Work to complete: Exactly as written, reproduce the lines from the beginning of the data through the line containing "Par exemple, les"; the pictures are not reproduced.

Data excerpts
################

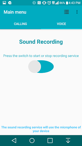 This application allows the recording of outgoing and incoming calls by clicking on the switch, additional allows the recording of sounds which can be taken as voice notes
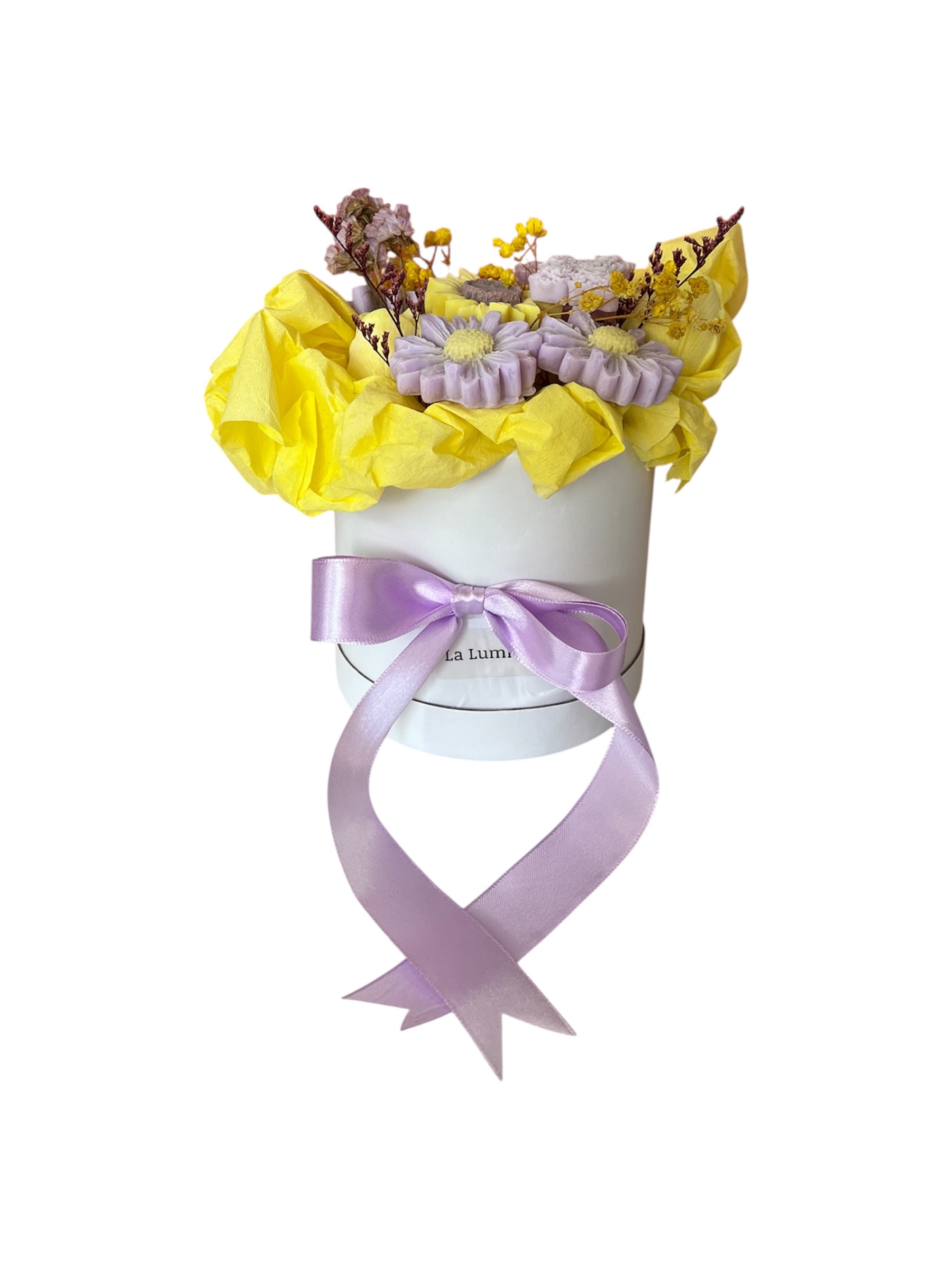 Κατασκευασμένο από 100% φυτικό κερί σόγιας, το κάθε λουλούδι είναι μοναδικό, σε κίτρινες και μωβ αποχρώσεις, και συνοδεύεται από φυσικά αποξηραμένα λουλούδια, προσδίδοντας φυσικότητα και φρεσκάδα στη σύνθεση. Επιλέγετε το άρωμα που σας ταιριάζει, για να το απολαύσετε όπως ακριβώς το θέλετε.
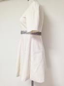 MercuryDuo白ホワイトWhitesilver艶消しスパンコールマットシルバーラメパフスリーブフレアドレスワンピース半袖
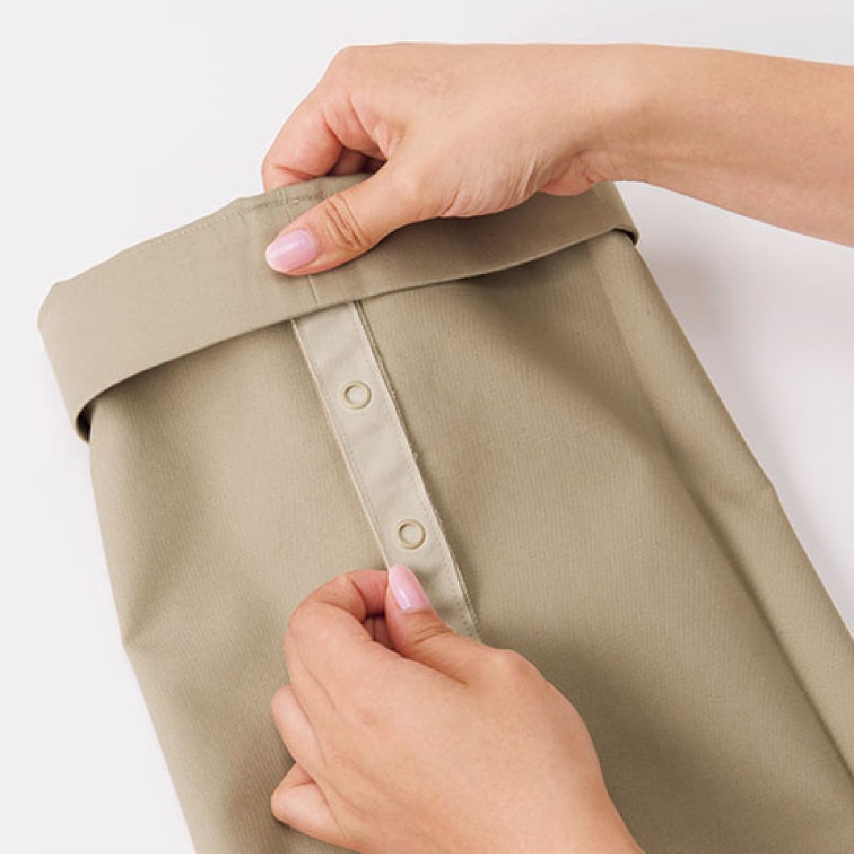 手間と時間のかかる通常の裾上げとは違い、ワンタッチのスナップホックを閉じるだけで簡単に裾上げができます。
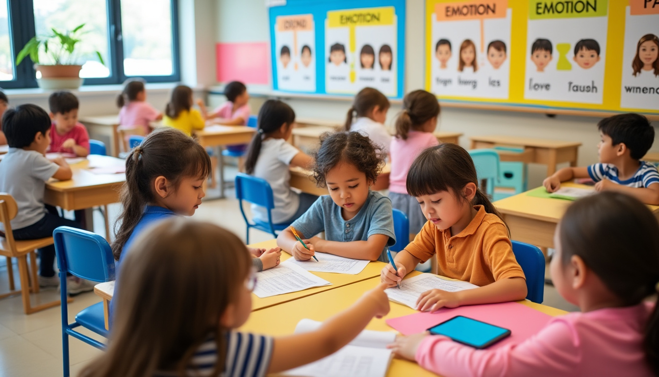 Par exemple, les enseignants peuvent introduire des activités créatives comme le tableau des émotions. En demandant aux enfants de dessiner ou de représenter des émotions sur un tableau, ils apprennent à reconnaître et à nommer ces émotions, cultivant ainsi leur lexique émotionnel. Un autre exercice consiste à lire des histoires où les personnages ont des émotions variées, et les enfants peuvent discuter ensuite de ces émotions pour mieux comprendre comment elles s’expriment dans différentes situations.
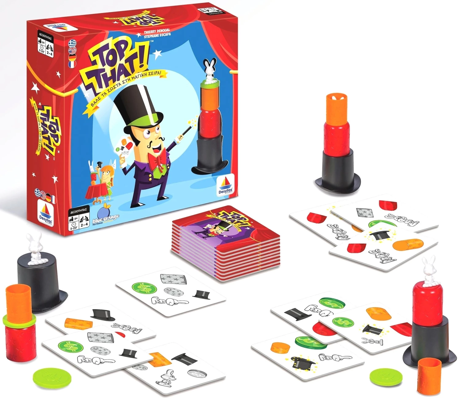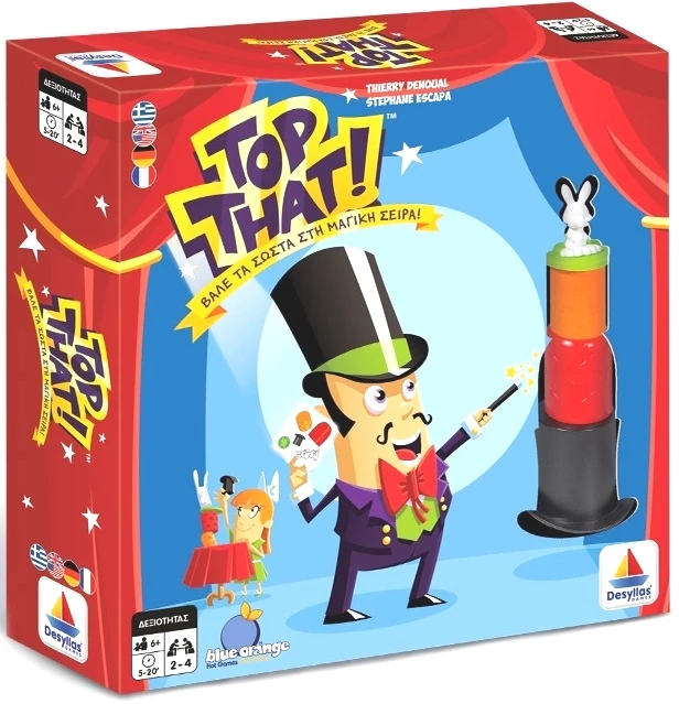 Επιτραπέζιο Δεσύλλας – Top That! Στο TOP THAT! οι παίκτες προσπαθούν να τοποθετήσουν τα μαγικά αντικείμενα τους σε μία στοίβα, πιο γρήγορα από τους άλλους παίκτες. Σε κάθε γύρο, οι παίκτες τραβάνε μία κάρτα πρόκλησης που υποδεικνύει πως θα πρέπει να τοποθετήσουν τα αντικείμενα τους οι παίκτες. Υπάρχουν μόνο 4…

################

Answer box:
 This application allows the recording of outgoing and incoming calls by clicking on the switch, additional allows the recording of sounds which can be taken as voice notes
 Κατασκευασμένο από 100% φυτικό κερί σόγιας, το κάθε λουλούδι είναι μοναδικό, σε κίτρινες και μωβ αποχρώσεις, και συνοδεύεται από φυσικά αποξηραμένα λουλούδια, προσδίδοντας φυσικότητα και φρεσκάδα στη σύνθεση. Επιλέγετε το άρωμα που σας ταιριάζει, για να το απολαύσετε όπως ακριβώς το θέλετε.
 MercuryDuo白ホワイトWhitesilver艶消しスパンコールマットシルバーラメパフスリーブフレアドレスワンピース半袖
 手間と時間のかかる通常の裾上げとは違い、ワンタッチのスナップホックを閉じるだけで簡単に裾上げができます。
 Par exemple, les enseignants peuvent introduire des activités créatives comme le tableau des émotions. En demandant aux enfants de dessiner ou de représenter des émotions sur un tableau, ils apprennent à reconnaître et à nommer ces émotions, cultivant ainsi leur lexique émotionnel. Un autre exercice consiste à lire des histoires où les personnages ont des émotions variées, et les enfants peuvent discuter ensuite de ces émotions pour mieux comprendre comment elles s’expriment dans différentes situations.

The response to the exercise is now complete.